表1より明らかなことは次のような点である。土成町の就業人口数は1980→85年で若干の減少を示すが概ね安定的である。ただし内部構成上の変化は進行しており、地域産業の変動を反映している。ひとつには農業就業人口が早いテンポで減少していることが認められる。このことは県が行った市町村民所得推計の結果によっても裏付けされる。つまり、総生産額は着実な増加傾向を示しているのだが、農業の生産額の絶対値での頭打ちと相対比の減少傾向が確認されるのである。農業は産業基盤を著しく弱めつつあるとみることができる。次に、第2次産業の就業者数は構成比を増大させているが、建設業はほぼ停滞的であり、この増加はおもに女性が製造業に進出を高めることによってもたらされている。一方、商業・サービス業を中心とする第3次産業はほぼ一貫した増加傾向にある。地域経済の物的生産部門に従事する層が相対的に縮小するということは全国的な傾向であるが、土成町においても同様で、第3次産業就業者の比重は85年には3分の1を越えるに至った。
 とはいえ、農業就業者が4割強と、農業に特化した地域であるという土成町産業の性格は今日も維持されている。そのことは85年の徳島県平均の数値で比較すると明かである。県平均では、農業就業人口割合は14.7%であり、また、第2次産業:28.9%、第3次産業:49.4%という就業構成を示している。さらに就業分類では農外に組み入れられるが、土成町の場合専業農家比率は約25%であり、1327戸の農家から大量の農外就業者を供給していることも確かである。つまり非農業部門といえども農家に支えられていることであり、比較的に安定した農村としての産業構造が保たれているとみることができる。

2.土成町における製造業の推移
 次に土成町の産業の内部構造を検討しよう。表2は、土成町における製造業(4人以上の規模)の推移を示したものである。

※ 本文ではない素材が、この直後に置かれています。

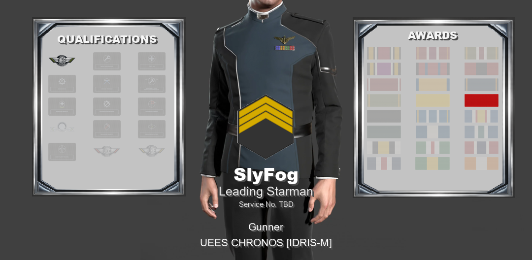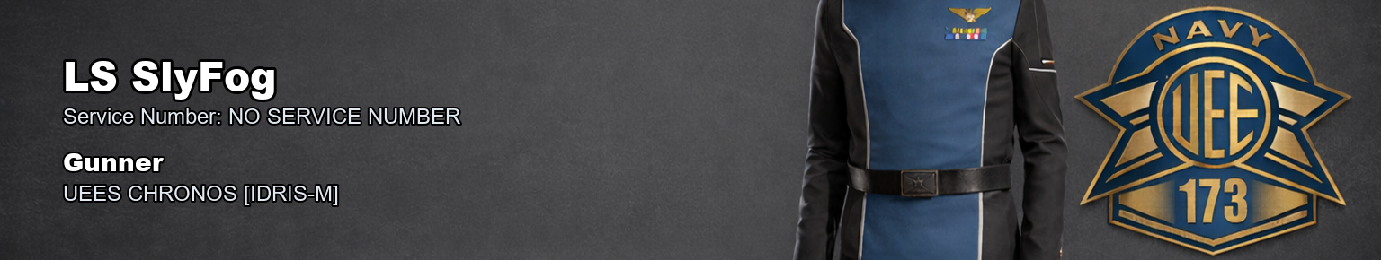 UNITED EMPIRE OF EARTH NAVY2ND FLEET 173RD BATTLEGROUP MILITARY HEADQUARTERS OFFICIAL PERSONNEL RECORDNAME: SlyFog CURRENT RANK: Leading Starman RANK ABBREVIATION: LSN STATUS: Active Service PRIMARY POSITION: Gunner SPECIALTY: Remote Turret Specialist UNIT: UEES CHRONOS [IDRIS-M] OFFICIAL ENTRYBy direction of command, SlyFog is hereby awarded the First Deployment Commendation effective Feb 14, 2026. This award is entered in recognition of service honestly given and of a standard properly met. Not every achievement in this command is marked by high distinction or dramatic action, but that does not lessen its value. Steady service, commitment to duty, and the milestones earned along the way are what give a battlegroup its strength. Whether earned through time served, successful deployment, campaign participation, or continued contribution to the 173rd Battlegroup, this award reflects credit upon the member named above and recognises service that deserves to be recorded. You have earned this, and you have my thanks for the work behind it. This action is entered into the official personnel record as a formal award recognition. AUTHORITYBy authority of the Commanding Officer, this entry is entered into the official records of the 173rd Battlegroup and recognized as a formal personnel action of the United Empire of Earth Navy. SIGNED// VADM Marcus Jett 173rd Battlegroup Commander, 2nd Fleet RECORDS OFFICE USE ONLYFiled with the UEE Military Records Department Recorded by Petty Officer Jake Biggins

事業所数は変動がみられるが、従業者数の増大傾向を認めることができる。非農業セクターの増加で、安定的な所得獲得が期待されているのであるが、全体的には生産性の低さが確認される。表2にみるように、従業者1人当たりに換算した製造品出荷額の値は増加基調にあるとはいえ、金額の水準は高いとはいえない。ちなみに徳島県の平均と比較してみると、1977年の県の平均値は997.03万円で、土成町はその65%の値にとどまっている。また、87年の県の平均値は1,659.32万円で、土成町はその54%の値となり、土成町はむしろ相対的に地位下落の傾向にある。粗付加価値額もこの間20億円台で停滞的に推移しており、土成町の製造業の生産構造強化の課題をこれらの事実から確認すべきであろう。
 表3は、昭和62年度における土成町製造業の内訳(4人以上規模)を示したものである。

従業員規模別にみると、4〜9人が半分を占めており零細企業の多いことがうかがわれる。また、業種は多くのものを含むが、概していえば軽工業中心で技術集積の低い部門で構成されている。繊維関係が9社、木材・家具関係が8社、食料関係が6社であり、生活関連型産業の小団地が形成されているとみることもできる。製造品出荷額については30人以上の規模の8社に集中しており、業種別では繊維・木材・家具関係では大部分を占めている。なお、従業者1人当たりに換算した製造品出荷額の値は、4〜9人規模のところが高くなっており、それに反して、従業者数が最も多い繊維関係において低い値となっている。相対的に規模が大きいとはいえ、必ずしも高生産性・高収益性を実現してはいないのである。
 県営の土成工業団地が完売となり、地域には工業セクターを急拡大させて地域振興を図ろうとする機運が高まっている。そのことの可能性を否定するものではないが、現存の製造業の脆弱性は正しく捉える必要があろう。地方工場の切り捨てなど、地方圏経済の空洞化が進展中である。その構造強化の手だてを抜きにして工業化の成功はありえないからである。また土成町の建設業に従事する人口は300名を越えているが、この部門の発展は製造業における追加投資と、国・県などの農業関連事業の展開に強く規定されている。第2次産業の成長という戦略を実現させるためにはこれらにも対処が求められよう。

3.土成町農業の動向
 土成町周辺部が県内でも有力な農業地帯であることはいうまでもない。表4には土成町などの農家戸数等の動向を示す。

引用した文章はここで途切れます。